> Dataset extract

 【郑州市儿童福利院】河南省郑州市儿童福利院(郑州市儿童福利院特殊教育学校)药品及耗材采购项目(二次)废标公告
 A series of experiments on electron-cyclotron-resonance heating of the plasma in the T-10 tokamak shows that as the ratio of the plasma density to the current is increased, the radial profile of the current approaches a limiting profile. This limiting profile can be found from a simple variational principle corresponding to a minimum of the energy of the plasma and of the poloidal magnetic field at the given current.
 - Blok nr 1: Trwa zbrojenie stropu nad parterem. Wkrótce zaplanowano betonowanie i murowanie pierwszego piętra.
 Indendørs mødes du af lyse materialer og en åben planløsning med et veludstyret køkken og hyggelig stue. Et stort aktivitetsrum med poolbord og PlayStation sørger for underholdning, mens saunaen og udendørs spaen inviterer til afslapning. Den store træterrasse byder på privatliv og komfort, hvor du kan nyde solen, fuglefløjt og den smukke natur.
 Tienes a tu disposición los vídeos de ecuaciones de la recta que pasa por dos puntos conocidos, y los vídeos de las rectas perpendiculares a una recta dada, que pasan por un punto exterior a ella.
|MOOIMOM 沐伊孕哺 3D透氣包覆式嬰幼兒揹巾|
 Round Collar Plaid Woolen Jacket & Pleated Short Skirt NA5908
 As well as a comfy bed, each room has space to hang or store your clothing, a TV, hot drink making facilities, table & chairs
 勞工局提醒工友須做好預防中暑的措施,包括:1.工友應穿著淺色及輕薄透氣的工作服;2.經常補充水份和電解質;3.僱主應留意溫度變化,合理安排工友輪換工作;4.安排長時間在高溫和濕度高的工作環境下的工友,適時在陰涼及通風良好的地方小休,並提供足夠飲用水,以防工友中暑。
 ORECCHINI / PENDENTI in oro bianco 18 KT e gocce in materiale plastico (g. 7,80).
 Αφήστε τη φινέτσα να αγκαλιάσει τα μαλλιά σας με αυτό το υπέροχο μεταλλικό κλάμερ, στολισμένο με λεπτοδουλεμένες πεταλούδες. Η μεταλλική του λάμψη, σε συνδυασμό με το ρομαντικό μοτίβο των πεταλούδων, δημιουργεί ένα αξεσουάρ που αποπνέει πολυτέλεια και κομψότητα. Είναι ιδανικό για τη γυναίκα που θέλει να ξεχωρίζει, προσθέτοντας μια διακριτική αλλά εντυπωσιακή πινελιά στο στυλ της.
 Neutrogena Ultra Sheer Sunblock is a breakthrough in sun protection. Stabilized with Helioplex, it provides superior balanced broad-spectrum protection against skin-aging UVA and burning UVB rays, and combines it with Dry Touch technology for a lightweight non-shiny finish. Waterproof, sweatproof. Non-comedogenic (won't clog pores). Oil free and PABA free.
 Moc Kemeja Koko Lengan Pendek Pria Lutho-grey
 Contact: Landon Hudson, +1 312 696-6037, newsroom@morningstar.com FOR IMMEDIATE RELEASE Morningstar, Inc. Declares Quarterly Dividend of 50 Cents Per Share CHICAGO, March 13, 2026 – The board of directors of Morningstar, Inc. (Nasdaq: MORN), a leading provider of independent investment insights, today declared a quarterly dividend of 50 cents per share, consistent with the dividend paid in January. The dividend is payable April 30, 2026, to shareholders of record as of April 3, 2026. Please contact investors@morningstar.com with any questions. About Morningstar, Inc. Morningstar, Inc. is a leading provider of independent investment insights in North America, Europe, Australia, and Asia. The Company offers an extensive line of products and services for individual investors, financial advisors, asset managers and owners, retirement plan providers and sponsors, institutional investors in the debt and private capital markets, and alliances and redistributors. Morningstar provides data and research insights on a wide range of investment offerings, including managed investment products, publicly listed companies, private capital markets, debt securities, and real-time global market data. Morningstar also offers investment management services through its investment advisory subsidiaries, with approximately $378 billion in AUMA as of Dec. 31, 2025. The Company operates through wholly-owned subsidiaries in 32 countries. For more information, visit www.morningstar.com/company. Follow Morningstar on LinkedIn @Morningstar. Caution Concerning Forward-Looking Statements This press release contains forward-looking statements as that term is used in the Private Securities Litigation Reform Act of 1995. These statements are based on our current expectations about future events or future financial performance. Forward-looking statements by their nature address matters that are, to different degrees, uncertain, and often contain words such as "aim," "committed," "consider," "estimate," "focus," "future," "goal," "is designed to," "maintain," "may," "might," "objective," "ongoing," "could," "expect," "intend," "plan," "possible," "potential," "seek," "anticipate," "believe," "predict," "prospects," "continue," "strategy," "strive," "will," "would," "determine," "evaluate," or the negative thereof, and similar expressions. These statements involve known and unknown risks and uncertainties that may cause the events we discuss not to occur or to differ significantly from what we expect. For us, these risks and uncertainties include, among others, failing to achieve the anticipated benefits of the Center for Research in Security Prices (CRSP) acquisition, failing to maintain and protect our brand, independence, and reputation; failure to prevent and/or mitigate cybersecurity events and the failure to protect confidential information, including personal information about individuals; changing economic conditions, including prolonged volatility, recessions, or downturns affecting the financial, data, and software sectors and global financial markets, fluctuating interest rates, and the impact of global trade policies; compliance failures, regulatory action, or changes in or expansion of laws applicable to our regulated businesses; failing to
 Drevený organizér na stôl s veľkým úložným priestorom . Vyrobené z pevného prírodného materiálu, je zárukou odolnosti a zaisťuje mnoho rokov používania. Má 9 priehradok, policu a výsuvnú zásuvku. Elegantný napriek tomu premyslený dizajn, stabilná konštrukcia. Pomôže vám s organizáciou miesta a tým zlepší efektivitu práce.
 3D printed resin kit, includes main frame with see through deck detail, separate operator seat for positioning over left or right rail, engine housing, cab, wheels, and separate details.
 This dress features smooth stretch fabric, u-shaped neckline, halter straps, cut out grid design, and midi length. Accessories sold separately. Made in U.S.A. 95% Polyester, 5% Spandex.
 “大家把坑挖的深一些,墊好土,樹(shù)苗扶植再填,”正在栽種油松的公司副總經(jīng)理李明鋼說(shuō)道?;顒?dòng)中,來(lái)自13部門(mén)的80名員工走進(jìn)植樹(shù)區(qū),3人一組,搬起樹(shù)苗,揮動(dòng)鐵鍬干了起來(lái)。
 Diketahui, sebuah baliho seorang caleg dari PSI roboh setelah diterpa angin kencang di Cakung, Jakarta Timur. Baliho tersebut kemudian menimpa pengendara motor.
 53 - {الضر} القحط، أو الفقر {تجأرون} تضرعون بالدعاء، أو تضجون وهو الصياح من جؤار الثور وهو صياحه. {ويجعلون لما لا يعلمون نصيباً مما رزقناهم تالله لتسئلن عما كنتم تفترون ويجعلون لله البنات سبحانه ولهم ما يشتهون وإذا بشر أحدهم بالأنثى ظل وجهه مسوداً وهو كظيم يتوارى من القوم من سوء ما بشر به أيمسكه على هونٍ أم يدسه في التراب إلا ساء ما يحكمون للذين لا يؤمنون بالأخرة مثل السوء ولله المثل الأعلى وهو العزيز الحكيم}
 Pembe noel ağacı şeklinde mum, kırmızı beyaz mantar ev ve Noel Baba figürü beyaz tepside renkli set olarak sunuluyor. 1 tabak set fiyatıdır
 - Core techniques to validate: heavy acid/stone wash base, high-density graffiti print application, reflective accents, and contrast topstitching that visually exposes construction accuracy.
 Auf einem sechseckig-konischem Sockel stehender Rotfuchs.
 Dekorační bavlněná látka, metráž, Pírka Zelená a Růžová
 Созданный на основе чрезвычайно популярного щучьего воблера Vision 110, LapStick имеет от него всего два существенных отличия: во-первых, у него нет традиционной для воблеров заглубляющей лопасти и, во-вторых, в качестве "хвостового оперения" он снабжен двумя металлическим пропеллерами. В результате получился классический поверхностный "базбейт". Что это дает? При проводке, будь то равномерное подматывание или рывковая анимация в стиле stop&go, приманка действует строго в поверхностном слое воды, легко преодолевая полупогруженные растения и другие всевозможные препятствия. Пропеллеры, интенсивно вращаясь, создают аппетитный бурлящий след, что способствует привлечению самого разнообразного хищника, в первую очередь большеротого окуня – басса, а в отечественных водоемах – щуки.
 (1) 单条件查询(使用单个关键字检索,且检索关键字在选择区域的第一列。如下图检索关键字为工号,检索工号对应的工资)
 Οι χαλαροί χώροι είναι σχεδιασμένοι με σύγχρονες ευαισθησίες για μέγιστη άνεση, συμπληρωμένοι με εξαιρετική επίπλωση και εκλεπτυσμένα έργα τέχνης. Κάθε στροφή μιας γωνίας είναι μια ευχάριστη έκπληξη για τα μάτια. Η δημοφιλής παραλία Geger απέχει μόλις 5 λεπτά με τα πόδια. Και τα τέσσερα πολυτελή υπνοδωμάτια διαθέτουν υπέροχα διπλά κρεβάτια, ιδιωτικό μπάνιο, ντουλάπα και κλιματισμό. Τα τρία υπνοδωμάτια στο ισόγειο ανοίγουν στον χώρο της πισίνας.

> Work item
Look back at the entries above. Retype the line with "Αφήστε τη φινέτσα", the line with "Moc Kemeja Koko", and all lines in between.

> Output for this exercise
 Αφήστε τη φινέτσα να αγκαλιάσει τα μαλλιά σας με αυτό το υπέροχο μεταλλικό κλάμερ, στολισμένο με λεπτοδουλεμένες πεταλούδες. Η μεταλλική του λάμψη, σε συνδυασμό με το ρομαντικό μοτίβο των πεταλούδων, δημιουργεί ένα αξεσουάρ που αποπνέει πολυτέλεια και κομψότητα. Είναι ιδανικό για τη γυναίκα που θέλει να ξεχωρίζει, προσθέτοντας μια διακριτική αλλά εντυπωσιακή πινελιά στο στυλ της.
 Neutrogena Ultra Sheer Sunblock is a breakthrough in sun protection. Stabilized with Helioplex, it provides superior balanced broad-spectrum protection against skin-aging UVA and burning UVB rays, and combines it with Dry Touch technology for a lightweight non-shiny finish. Waterproof, sweatproof. Non-comedogenic (won't clog pores). Oil free and PABA free.
 Moc Kemeja Koko Lengan Pendek Pria Lutho-grey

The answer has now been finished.